Apartó aquel pesaroso pensamiento. No debería pensar en un hijo que nunca volvería a hablarle. Por eso, en lugar de recordar cosas agrias, se ocupó de servir un plato de consomé que anteriormente había preparado, puesto que su labor allí aún no había terminado.
Aún le quedaba alimentar al viejo Enrique, que en el estado en el cual se encontraba, era una molestia que se negaba a comer casi como como un carajito maniático. Pero antes de que pudiese terminar lo que estaba haciendo, el timbre fue tocado.
Aristóteles se tornó un tanto extrañado. No creía que Ricardo hubiese regresado tan pronto. ¿Entonces quién podría ser?
Molesto por tener que dejar algo a medias fue hacia la puerta, Y al brillar, se encontró con la desagradable sorpresa de la visita de la señora Julia, quien parpadeó perpleja al ver a Aristóteles.
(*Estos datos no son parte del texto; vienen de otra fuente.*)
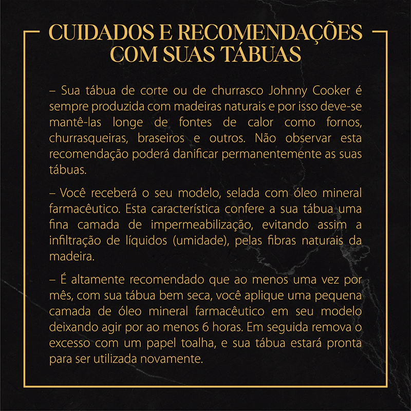 * As medidas são consideradas de referência, pois podem apresentar pequenas variações em função da disponibilidade das matérias primas. As medidas consideradas são sempre as maiores, não levando em consideração recortes e arredondamentos. * Por serem produzidas em madeiras naturais, as tábuas de corte Johnny Cooker podem apresentar variação na coloração e nos desenhos naturais da madeira, quando comparadas com as imagens de divulgação.
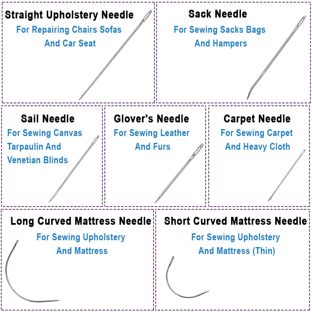 A versatile mix of straight, curved, sail, and carpet needles to handle every stitch and situation. -
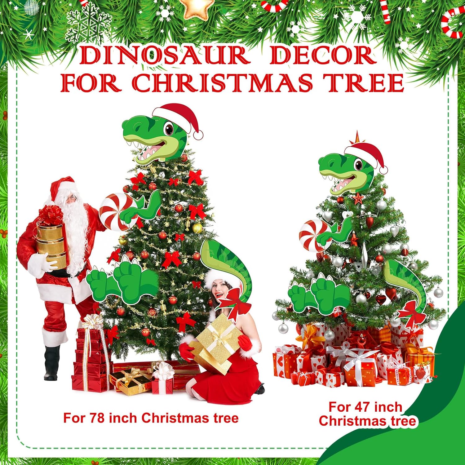 Dinosaur Christmas Tree Topper Decorations Head Arms and Legs Funny Xmas Ornament Decor for DIY Xmas Party Decorations Holidays Indoor Home Gift Party Supplies
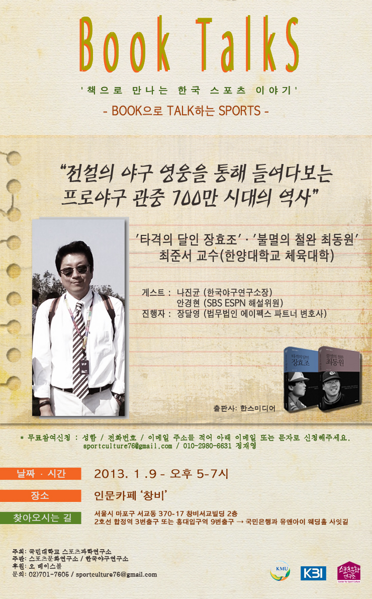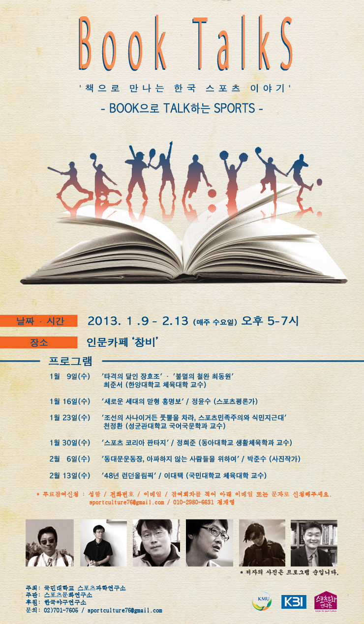 ±¹¹Î´ëÇб³ ½ºÆ÷Ã÷°úÇבּ¸¼Ò ÁÖÃÖ, ½ºÆ÷Ã÷¹®È¿¬±¸¼Ò, Çѱ¹¾ß±¸¿¬±¸¼Ò °øµ¿ÁÖ°ü, ¿Àº£À̽ºº¼ ÈÄ¿øÀ¸·Î ÁøÇàµÇ´Â Book TalkS´Â ½ºÆ÷Ã÷¿¡ ´ëÇÑ ¿ì¸®ÀÇ '±â¾ï'°ú 'Ãß¾ï'À» µÇ»ì¸®°í, ±×°ÍÀÇ ¿ª»çÀûÀÎ °¡Ä¡¸¦ µÇ»õ°Üº¸´Â ÀÚ¸®ÀÔ´Ï´Ù.

—Don Aristóteles, ¿qué hace usted aquí? —preguntó como si el ver a Aristóteles allí fuese lo más impensable del mundo.
—Lo mismo le pregunto ¿A qué vino? —dijo malhumorado, sin deseos de contar las razones por las que estaba allí a la mayor chismosa del edificio—. Pero hable —exigió ante la falta de respuesta de la mujer—, que no tengo todo el día, y a diferencia de usted, yo sí tengo cosas que hacer.